The possibilities of terrorism threats are unjustified and there is no explanation as to how Gripen fighter jets would be used to fight cyber-attacks or terrorist attacks on domestic soil. While the budget and mandate of the Directorate of Intelligence Service, Anti-Poaching Unit and the Police (SSG) also includes cross border crime the Minister of Defence avoids elaborating specifically on how the fighter jets would be used in such expeditions bearing in mind the argument that a military attack from our neighbours is unlikely. The BDF and related security forces have been praised in recent years on their effective border patrol operations that have seen the decline in crime mostly in the northern region where they are primarily concerned in curtailing the influx of Zimbabweans escaping the wrath of the country’s ailing economy.
The force has used drones and mini aircraft along with foot soldiers to prevent poaching which has been seen by most nations as a successful operation prompting relocations of rhinos from South Africa to Botswana.

 
 What Peace Keeping Missions?
Kgathi goes further to state that in the past BDF has participated in United Nations  peace keeping missions and that, “experiences arising out  of  these  missions  have  taught  us  that  force  protection  is  of  paramount importance in such missions.  We should thus send into such missions a well-equipped and resourced defence force, capable of taking care of itself and those it sent to protect.”
He pointed out that the nature of  the battlefield has transformed over the years, particularly in respect to  technology,  this  necessitates  the  BDF  replacing  its  aging  and  obsolete weaponry  in  particular  the  air  defence,  manoeuvre  and  communication systems and airspace surveillance.
Kgathi’s response completely avoids pointing out that for the past 10 years Botswana has never participated in militant peace keeping missions. According to the Botswana Government Portal on Peacekeeping Missions, the first mission was in 1992, Operation Restore Hope in Somalia and Juba, South Sudan then BDF conducted operational exercises such as “Exercise Thokgamo” in June 2005 in which SADC member states participated while some of its personnel were serving on an African Union Liaison Mission in Ethiopia/Eritrea and a military observers role in Darfur, Sudan.
From 1993 to 1994, the BDF was deployed to Rwanda as observers only.
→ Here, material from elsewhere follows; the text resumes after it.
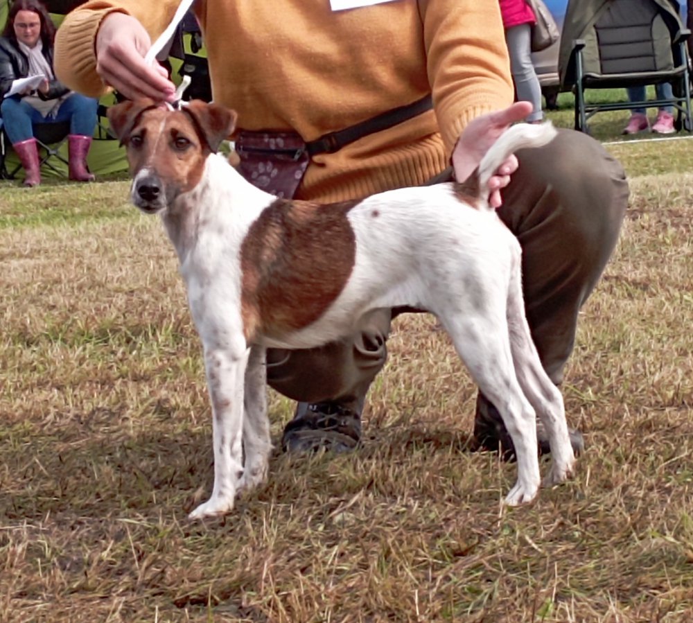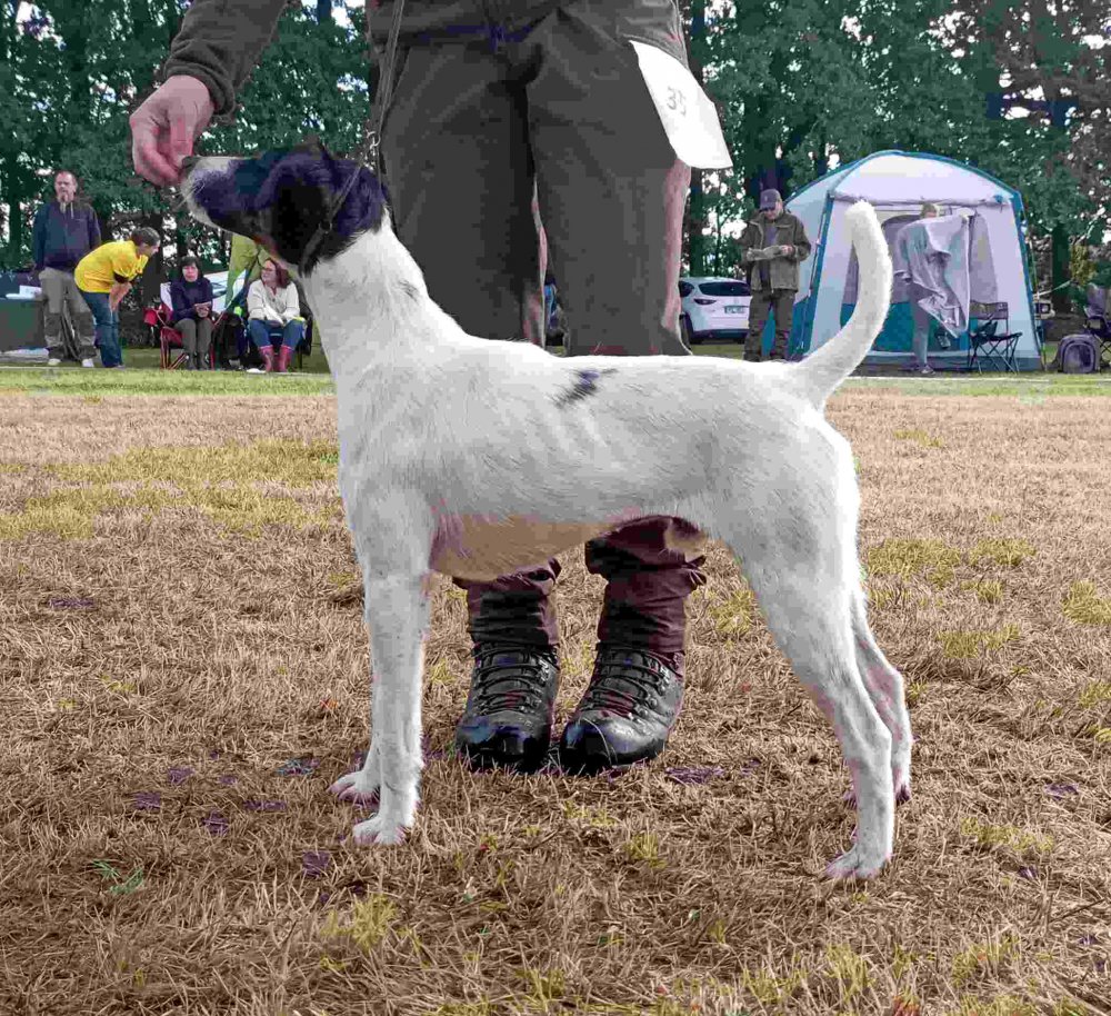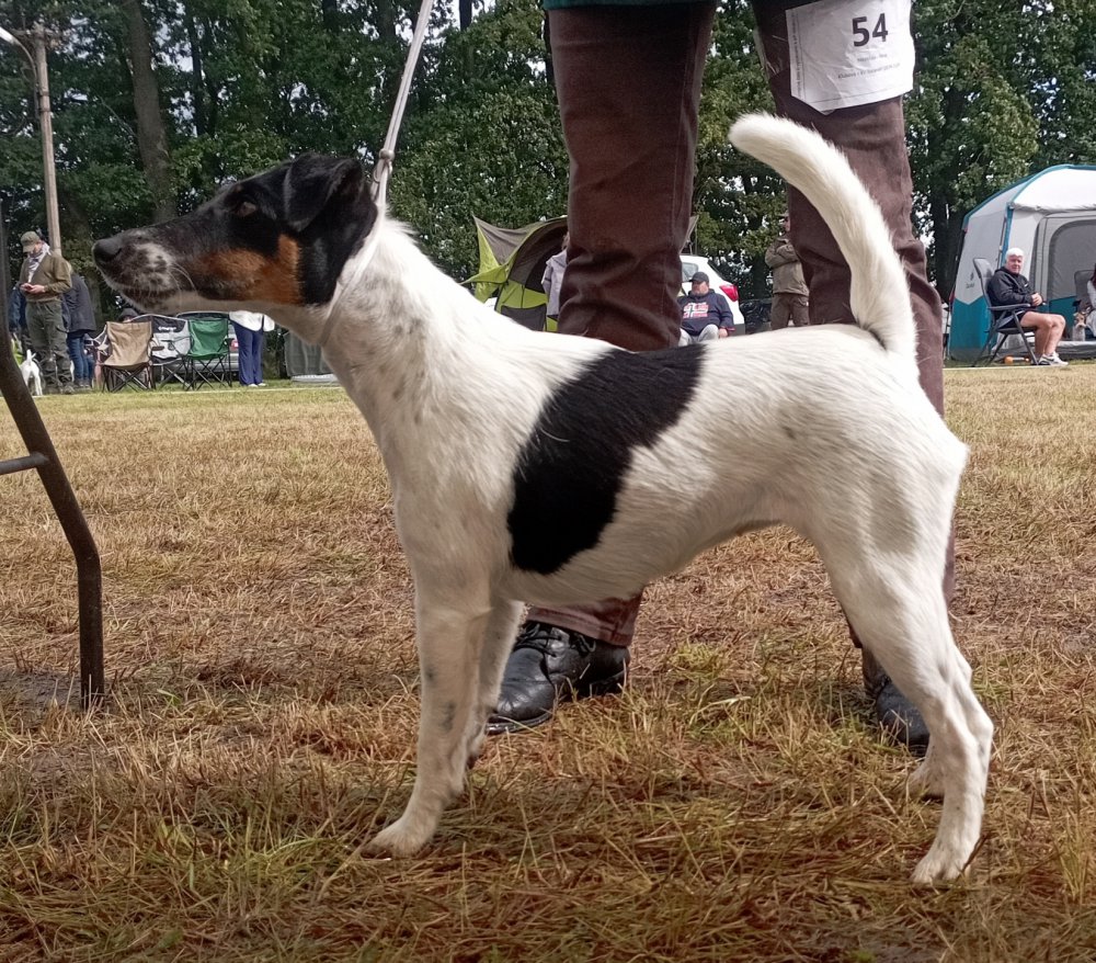 Fena na horní hranici výšky, hlava je OK, lebka by mohla být užší, hezké uši a výraz, hezká horní linie, hřbet by mohl být trochu kratší dostatečné nasazení ocasu, fronta by mohla být užší a tlapky silnější, úhlení vzadu je OK
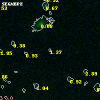 Object #2245 x,y = (2128, 1495) RA, Dec = (04:54:16.968, 02:53:21.84) = (73.57070, 2.88940) BPZ = 1.368 [0.192--3.100] type = 8.80 (SB2_B10 - SB1_B10) chisq2 = 0.42 ODDS = 0.10 z_cluster = 0.203

The same year, BDF troops participated in a UN peacekeeping operation in Mozambique and ‘Operation BOLEAS’ a SADC military intervention in Lesotho in 1998.
Military experts posit that our lack of participation in peace keeping missions fails to justify the expense of an attack aircraft. Kgathi does not explain the use of the Gripen jet fighter, a heavily armed attack aircraft as opposed to cargo aircraft and helicopters traditionally used for peacekeeping missions.
“The Gripen is specifically used for reconnaissance and open terrain battle, it is also a bomber. The spending is misplaced for such missions,” says one military expert who declined to be named.
According to the National Interest Magazine, a military publication, SAAB announced in 2015 that it was seeking to dispose of between 200 -400 of the Gripen C and D model frames made obsolete by their newer model the JAS-39E/F Gripen NG. Botswana is seeking to purchase the former planes.